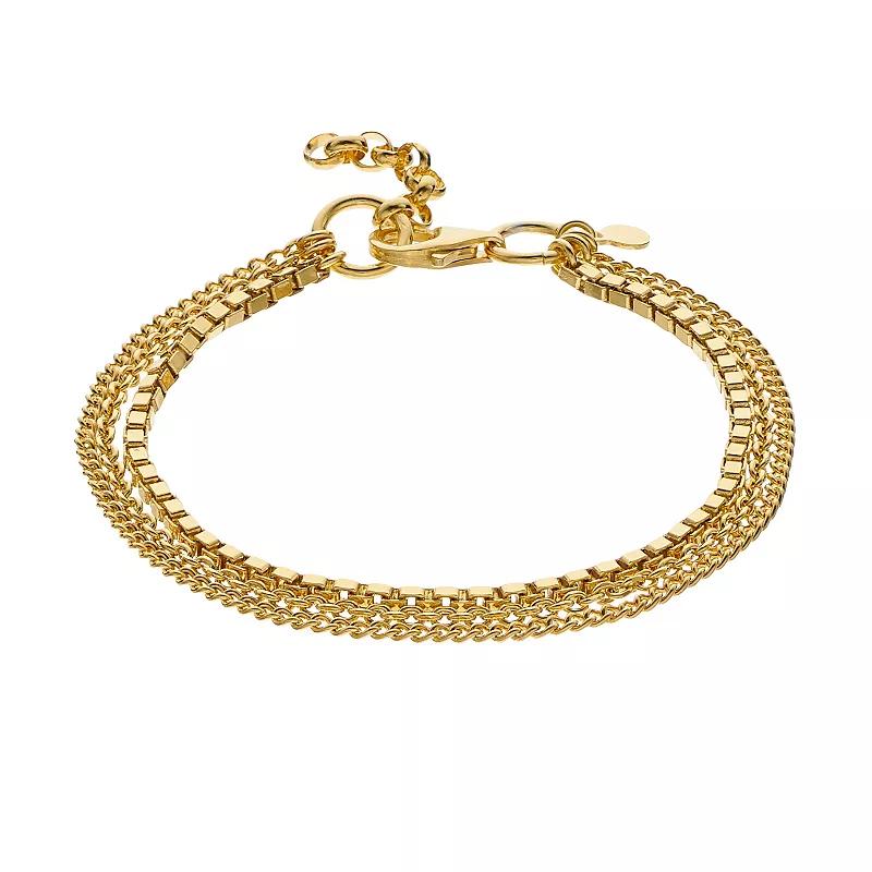 Accent your look with the eye-catching style of this gold-tone sterling silver double-strand bracelet. Accent your look with the eye-catching style of this gold-tone sterling silver double-strand bracelet. Length: 8 in. Clasp: lobster claw Metal: sterling silver Plating: gold tone Finish: diamond-cut Packaging: boxed Size: 8". Color: Yellow. Gender: female. Age Group: adult. Material: Gold Over Sterling.
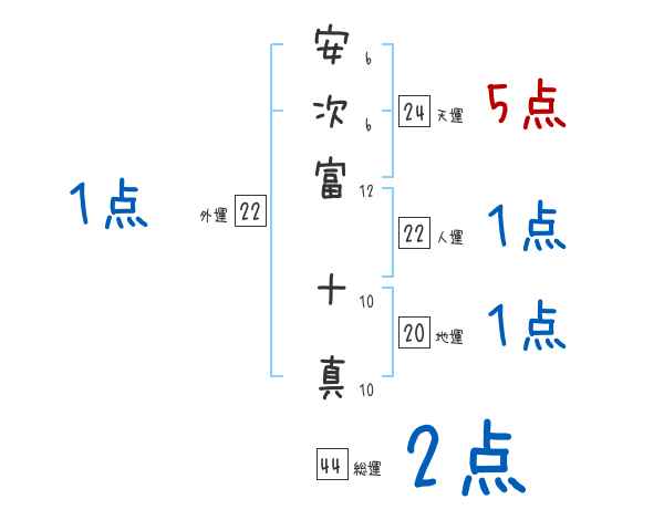 安次富十真さんの画数の鑑定結果
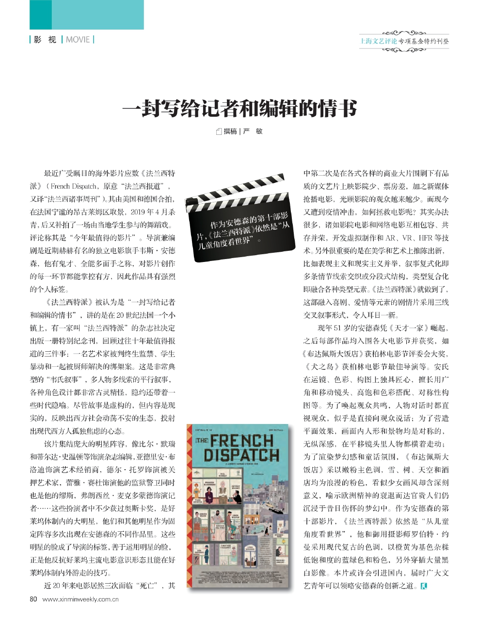 最近广受瞩目的海外影片应数《法兰西特派》(French Dispatch,原意“法兰西报道”,又译“法兰西诸事周刊”)。其由美国和德国合拍,在法国宁谧的昂古莱姆区取景,2019年4月杀青,后又补拍了一场由当地学生参与的舞蹈戏。评论称其是“今年最值得的影片”。导演兼编剧是近期赫赫有名的独立电影旗手韦斯·安德森,他有鬼才、全能多面手之称,对影片创作的每一环节都能掌控有方,因此作品具有强烈的个人标签。
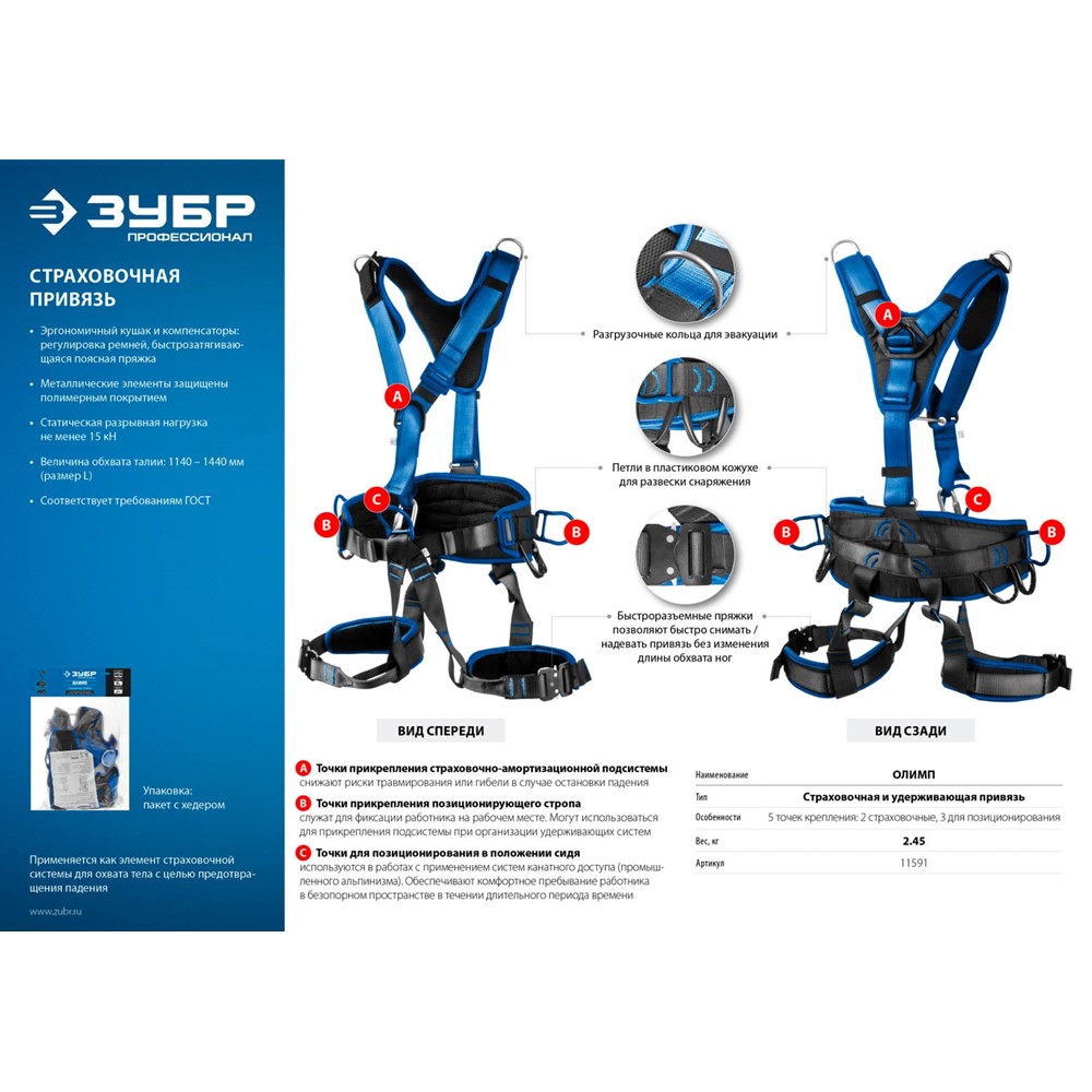 Олимп страховочная и удерживающая привязь, ЗУБР Профессионал
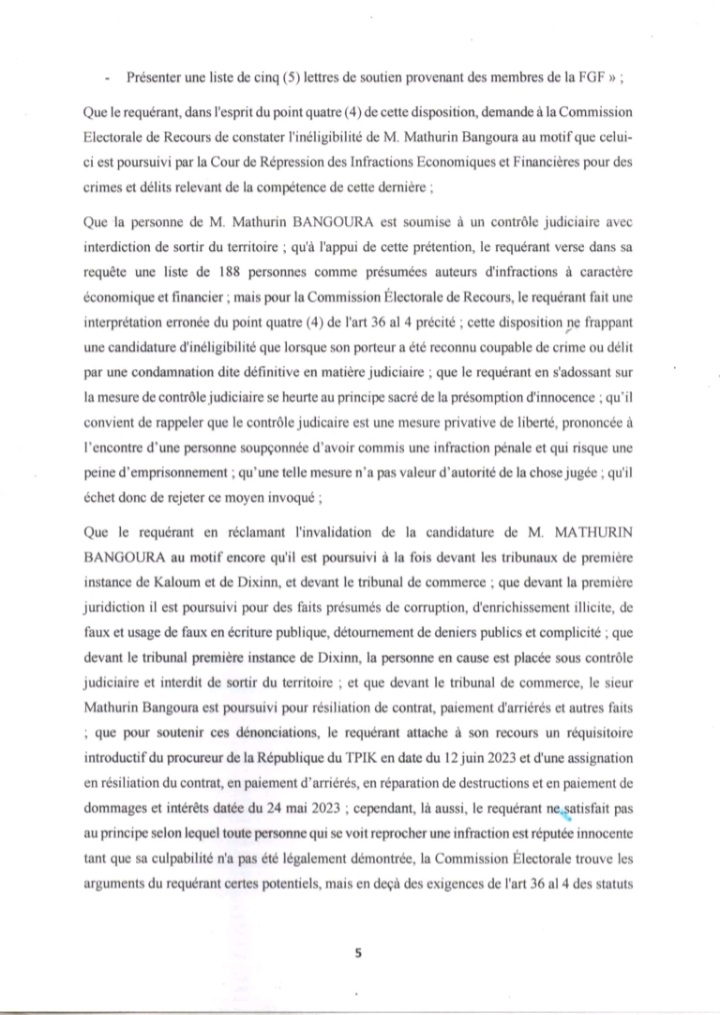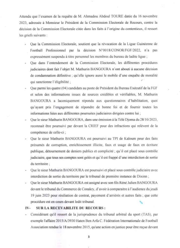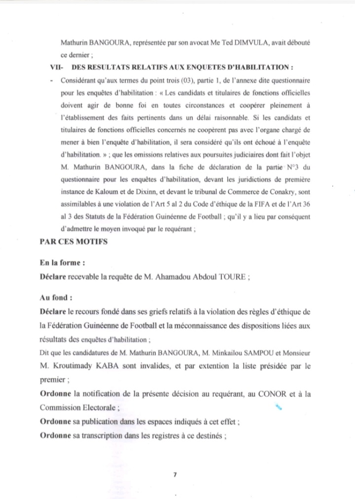 La commission électorale de recours de la fédération guinéenne de football explique l’invalidation de la candidature du Général Mathurin Bangoura par les ennuis judiciaires de l’homme qui serait même sous contrôle judiciaire.
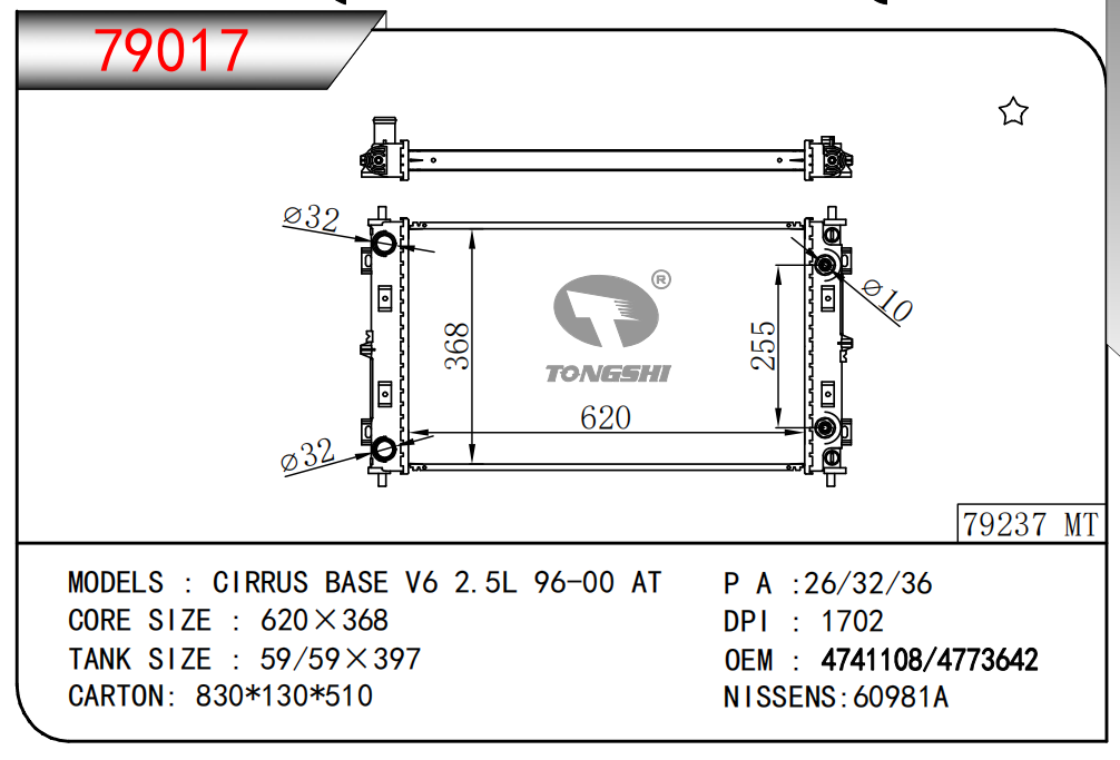 適用于奇瑞瑞虎(新款) MT散熱器 OEM : F1301000B1
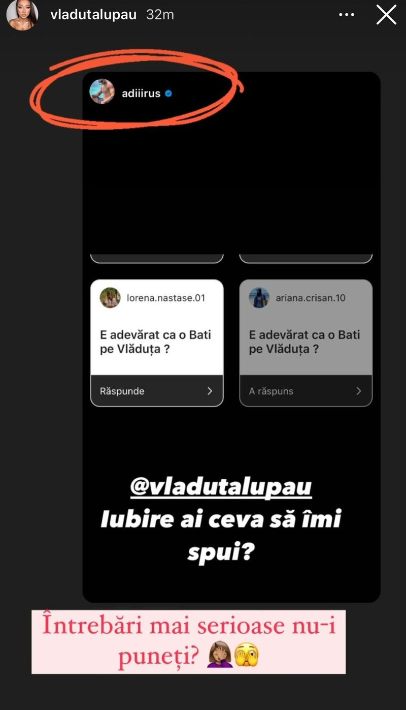 Două persoane care îi urmăresc activitatea de pe rețelele de socializare au pus o întrebare strigătoare la cer: „Este adevărat că o bați pe Vlăduța?”.Ei bine, sportivul a postat întrebările la InstaStory și a avut un mesaj pentru soția lui: „Iubire ai să-mi spui ceva?”. Vlăduța Lupău a reacționat și ea imediat și imediat a condamnat gestul celor doi internauți, cărora le-a bătut obrazul: „Întrebări mai serioase nu-i puneți?” .
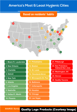 Дослідники виявили, що рівень дотримання гігієни залежить й від місця проживання, й склали рейтинг "найчистіших" міст США. У першій п'ятірці - Маямі, Новий Орлеан і Шарлотт, а також Детройт і Нью-Йорк. "Найбрудніші" - Сієттл, Денвер, Сан-Франциско і Вашингтон.
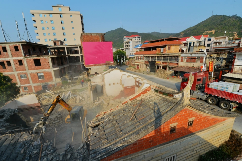 “诶,那个石磨盘给我留着,那个瓦片一片都不能丢。”近日,在泉州南安的县道326线洪梅镇洪梅村段,一座古厝正在拆除,90岁高龄的叶玉专老人不时跑出来看看。
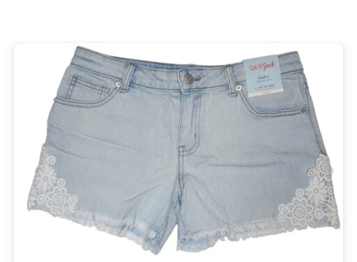 Cat Jack Girl's Embroidered Floral Lace Stretch Jean Cut Off Shorts Size XXL
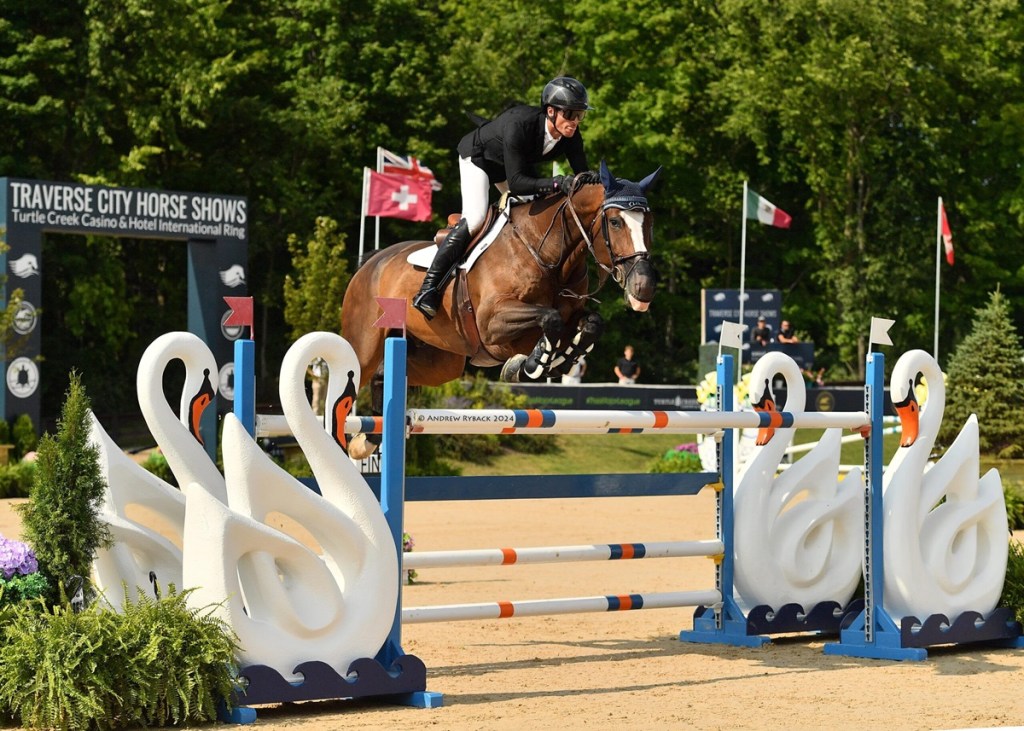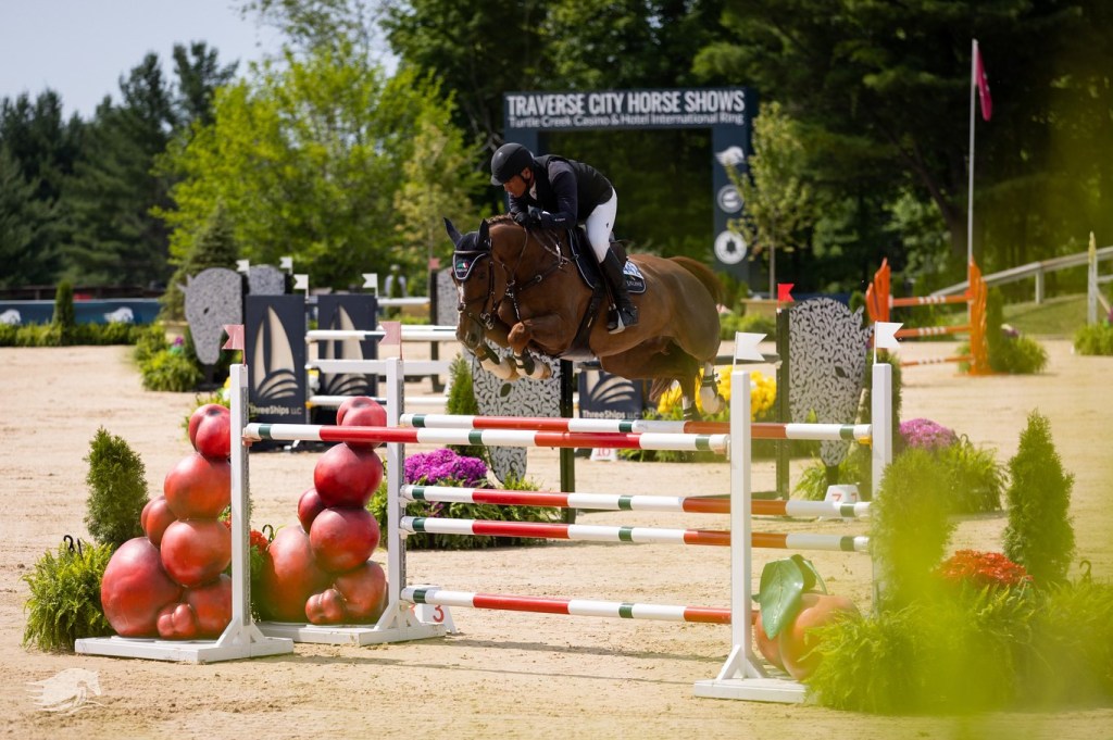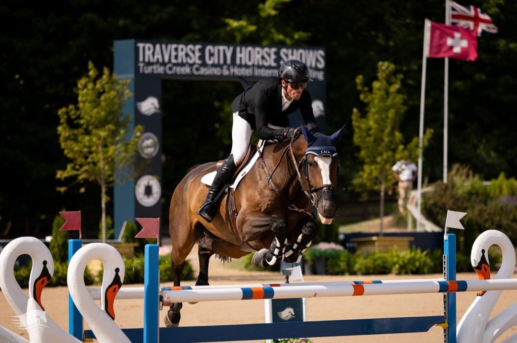 Traverse City, Michigan, USA – July 19, 2024 – Quentin Judge (USA) and HH Medarco PS started the Traverse City Horse Shows (TCHS) season with a win during opening week of the TCHS Spring Series. They returned to familiar territory on Friday when leading off the victory gallop in the $32,000 Elk Rapids Marina Welcome CSI 3* during the third week of the summer’s Great Lakes Equestrian Festival (GLEF), presented by B&D Builders, at Flintfields Horse Park.

## What to work on
Could you reproduce exactly the lines running from the one with "適用于奇瑞瑞虎(新款) MT散熱器 OEM : F1301000B1" through the final line of the listing above, both included, and drop the pictures?

## Worked solution
 適用于奇瑞瑞虎(新款) MT散熱器 OEM : F1301000B1
 Două persoane care îi urmăresc activitatea de pe rețelele de socializare au pus o întrebare strigătoare la cer: „Este adevărat că o bați pe Vlăduța?”.Ei bine, sportivul a postat întrebările la InstaStory și a avut un mesaj pentru soția lui: „Iubire ai să-mi spui ceva?”. Vlăduța Lupău a reacționat și ea imediat și imediat a condamnat gestul celor doi internauți, cărora le-a bătut obrazul: „Întrebări mai serioase nu-i puneți?” .
 Дослідники виявили, що рівень дотримання гігієни залежить й від місця проживання, й склали рейтинг "найчистіших" міст США. У першій п'ятірці - Маямі, Новий Орлеан і Шарлотт, а також Детройт і Нью-Йорк. "Найбрудніші" - Сієттл, Денвер, Сан-Франциско і Вашингтон.
 “诶,那个石磨盘给我留着,那个瓦片一片都不能丢。”近日,在泉州南安的县道326线洪梅镇洪梅村段,一座古厝正在拆除,90岁高龄的叶玉专老人不时跑出来看看。
 Cat Jack Girl's Embroidered Floral Lace Stretch Jean Cut Off Shorts Size XXL
 Traverse City, Michigan, USA – July 19, 2024 – Quentin Judge (USA) and HH Medarco PS started the Traverse City Horse Shows (TCHS) season with a win during opening week of the TCHS Spring Series. They returned to familiar territory on Friday when leading off the victory gallop in the $32,000 Elk Rapids Marina Welcome CSI 3* during the third week of the summer’s Great Lakes Equestrian Festival (GLEF), presented by B&D Builders, at Flintfields Horse Park.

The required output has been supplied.